Confidence Levels May Affect Recovery From Surgery for Colorectal Cancer


Patients' confidence that they can manage problems related to their colorectal cancer can have a great impact on their recovery, according to a recent study.

“Mind over matter” is taking shape for patients facing surgery to treat colorectal cancer. Self-efficacy has been determined to be an accurate predictor for recovery after colorectal cancer surgery, independent from type of disease or treatment for it. Patients with higher levels of self-efficacy — a personal confidence that they can manage illness-related problems — were found to have a better recovery, whereas those with depression and anxiety did not recover as well, according to findings of a new study published in the online journal PLOS One.

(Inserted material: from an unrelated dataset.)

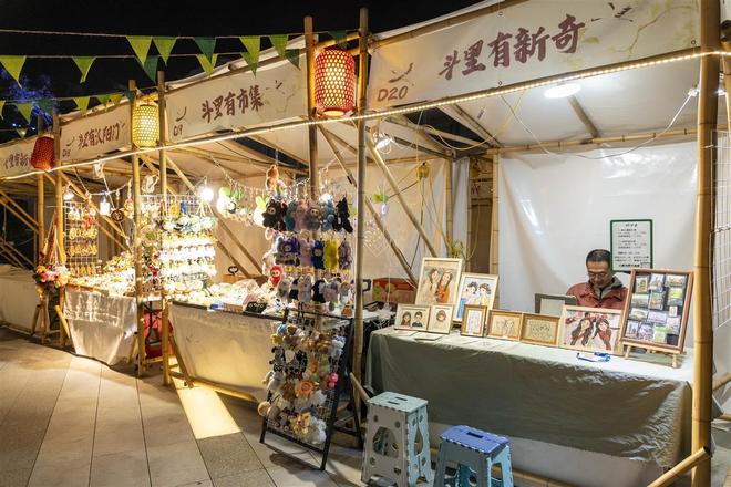 而斗级营东侧,老一辈武汉人记忆中的司门口天桥之下,曾是通往黄鹤楼与万里长江第一桥的必经之路,是名副其实的“黄金走廊”。斗级营在“黄金走廊”上,以竹节和古风元素精心打造的“斗里有市集”布局精巧,与户部巷大舞台“隔街相望”,18个摊位秩序井然地营造出一方闲适惬意的“慢空间”,人们可以在这里轻松地逛街、拍照,享受被文创和趣味包围的惬意。

Findings of the study, led by Clare Foster of the University of Southampton in the United Kingdom, were based on questionnaire responses from 857 patients aged 18 years or older, who were awaiting initial surgery to cure their colorectal cancer and recruited between November 2010 and March 2012.

Questionnaires were administered before surgery, and at three, nine, 15 and 24 months after, assessing the patient’s quality of life (QOL), health status and wellbeing, and included measurements of the patient’s depression, anxiety and self-efficacy.

After analyzing the responses, the researchers detected four distinct groups of patients depending on how well they recovered from colorectal cancer and its treatment. From this information, the authors identified how many patients fit into each of the four groups and what factors were associated with them.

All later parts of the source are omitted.